I've used these which I'll say in order I prefer for the finish to see what you guys know of that will give similar.

Swissvax penu 
gtechniq T2
Meguiars endurance high gloss tyre shine
Meguiars hot shine tyre dressing

Thanks

Crackers


----------



## Walesy. (Oct 1, 2009)

Crackers said:


> Hi guys,
> 
> I'm after a tyre dressing, but I'm after one that is available in a 5L bottle as I go through enough of it doing a few cars every weekend regularly.
> 
> ...


I still use this, it last for ages and you need very little on the tyre...durability is decent too.


----------



## Juke_Fan (Jul 12, 2014)

Autosmart Highstyle. 

If applied to a well cleaned tyre it can last a good while. If you want it really glossy do a second coat. Bonus is that it dresses plastics as well :thumb:.


----------



## IanG (Nov 21, 2007)

Walesy. said:


> I still use this, it last for ages and you need very little on the tyre...durability is decent too.


Same for me it's a durable tyre dressing and really good value


----------



## Crackers (Mar 31, 2011)

IanG said:


> Same for me it's a durable tyre dressing and really good value


Do you guys apply it with an applicator,brush or spray bottle?

Never heard of this before but will get a bottle on your recommendation.

Cheers

Crackers


----------



## TonyHill (Jul 28, 2015)

Juke_Fan said:


> Autosmart Highstyle.
> 
> If applied to a well cleaned tyre it can last a good while. If you want it really glossy do a second coat. Bonus is that it dresses plastics as well :thumb:.

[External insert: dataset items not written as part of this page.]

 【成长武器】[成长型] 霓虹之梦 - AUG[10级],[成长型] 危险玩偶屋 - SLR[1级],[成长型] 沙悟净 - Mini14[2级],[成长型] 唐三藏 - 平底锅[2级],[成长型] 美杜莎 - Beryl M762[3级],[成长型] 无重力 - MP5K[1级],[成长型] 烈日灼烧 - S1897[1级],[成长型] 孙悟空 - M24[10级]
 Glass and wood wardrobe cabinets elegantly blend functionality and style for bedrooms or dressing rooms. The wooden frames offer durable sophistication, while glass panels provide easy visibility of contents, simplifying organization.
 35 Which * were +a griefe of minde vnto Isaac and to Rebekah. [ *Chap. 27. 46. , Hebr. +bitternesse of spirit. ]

I've seen recommendations for Highstyle before, but I've never had any joy with it. Applied to 4 clean tyres and then within half an hour its like its completely evaporated and the tyres look as if no dressing applied :speechles


----------



## IanG (Nov 21, 2007)

Crackers said:


> Do you guys apply it with an applicator,brush or spray bottle?
> 
> Never heard of this before but will get a bottle on your recommendation.
> 
> ...


I use a cut up sponge to apply

I'm just south of the Tyne if you would like to try before you buy?


----------



## Crackers (Mar 31, 2011)

IanG said:


> I use a cut up sponge to apply
> 
> I'm just south of the Tyne if you would like to try before you buy?


Thanks for the offer Ian that's very kind of you.

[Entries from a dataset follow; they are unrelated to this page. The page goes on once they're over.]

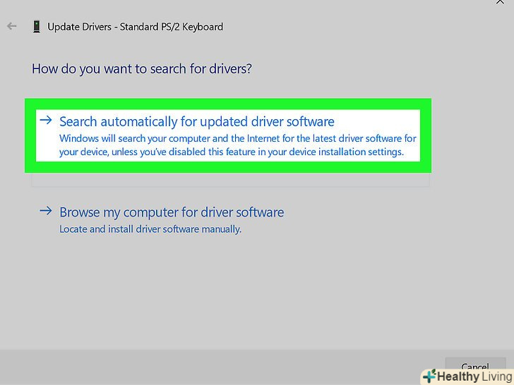 НатиснітьАвтоматичний пошук оновлених драйверів . це перша опція у спливаючому вікні. Windows приступить до пошуку нових драйверів клавіатури.
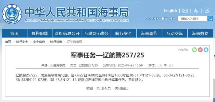 據(jù)中國海事局網(wǎng)站消息,大連海事局發(fā)布航行警告,7月27日16時(shí)至8月10日16時(shí),渤海海峽黃海北部部分海域執(zhí)行軍事任務(wù),禁止駛?cè)搿?/p>
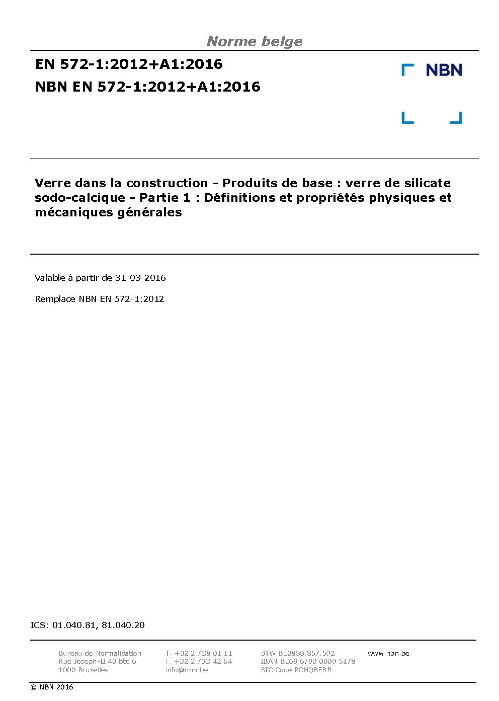 NBN EN 572-1:2012+A1:2016
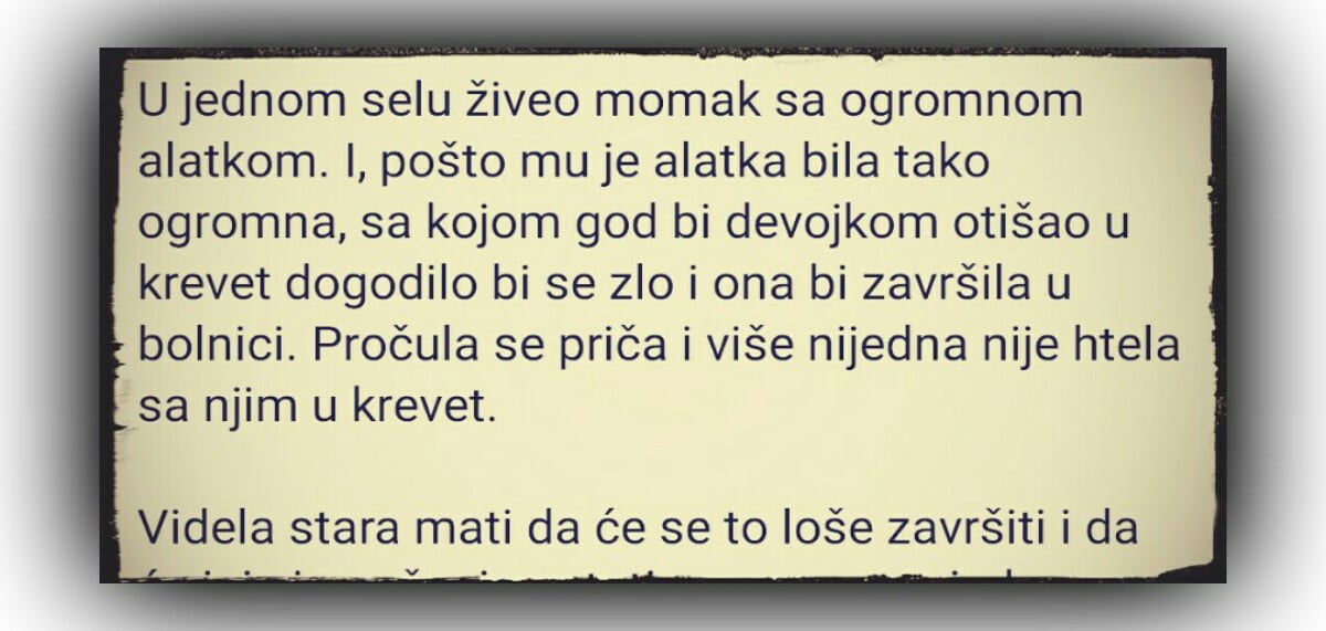 U jednom selu živeo momak sa ogromnom alatkom. I, pošto mu je alatka bila tako ogromna, sa kojom god bi devojkom otišao u krevet dogodilo bi se zlo i ona bi završila u bolnici. Pročula se priča i više nijedna nije htela sa njim u krevet.
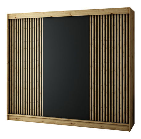 Šatní skříň 250 cm Ladonna (dub artisan + černá matná)
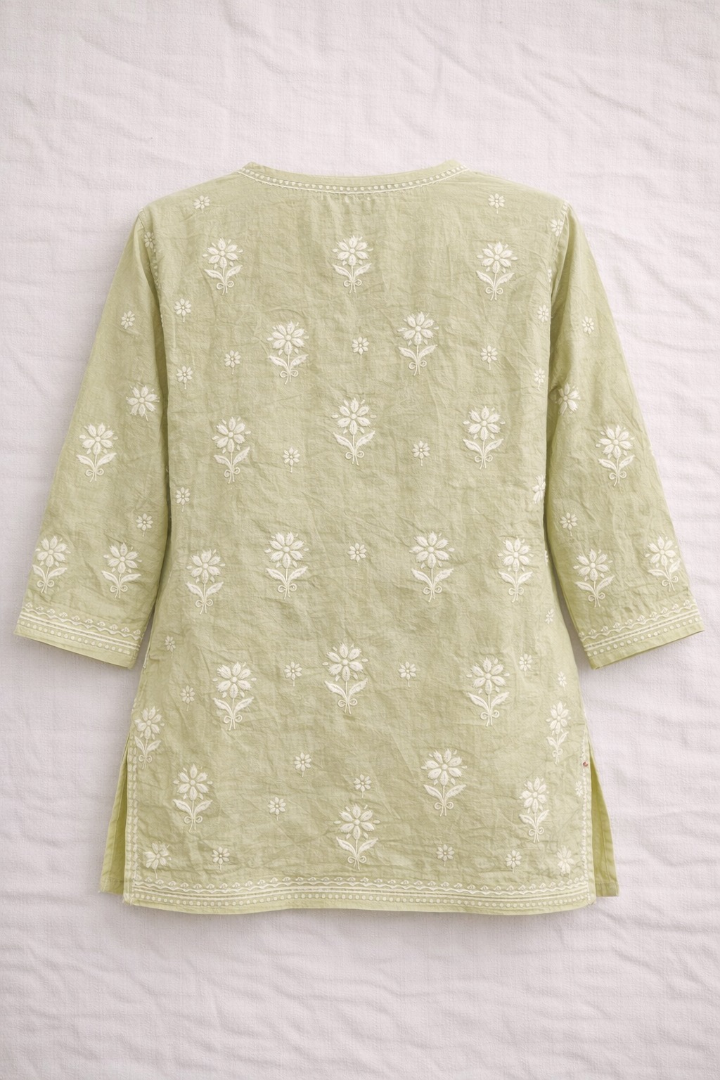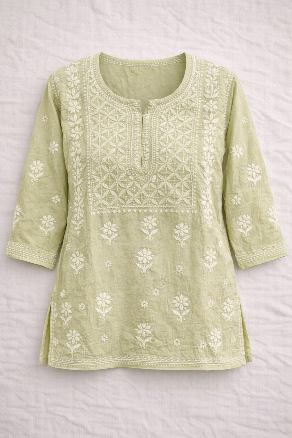 Add grace and comfort to your everyday ethnic collection with this Pastel Green Chikankari Masline Top from AARKAY CHIKAN HANDICRAFT.

I'll order a bottle and see how I get on, will always get used on family cars that dont usually get much love.

Cheers

Crackers


----------



## IanG (Nov 21, 2007)

No problem just 5L is a lot to buy if you don't like it but I think you'll be impressed


----------



## Juke_Fan (Jul 12, 2014)

TonyHill said:


> I've seen recommendations for Highstyle before, but I've never had any joy with it. Applied to 4 clean tyres and then within half an hour its like its completely evaporated and the tyres look as if no dressing applied :speechles


Very odd that, Highstyle has been the only dressing other than Megs that would give a good finish on my Juke's Continentals.

Found it just as good on my new Micra, this was applied after I just had the car, 1 coat applied on cleaned tyres gave me 500 miles approx of early summer driving before I needed to reapply.


----------



## atbalfour (Aug 11, 2019)

Buy a litre of CarPro Perl and dilute as you need.

Very versatile product... I have used almost every tyre dressing and this continues to be my favourite, drys quick (no sling), deep dark gloss but not too blingy unless you apply neat and layer it. Durability is good too.


----------



## RS3 (Mar 5, 2018)

atbalfour said:


> Buy a litre of CarPro Perl and dilute as you need.
> 
> Very versatile product... I have used almost every tyre dressing and this continues to be my favourite, drys quick (no sling), deep dark gloss but not too blingy unless you apply neat and layer it. Durability is good too.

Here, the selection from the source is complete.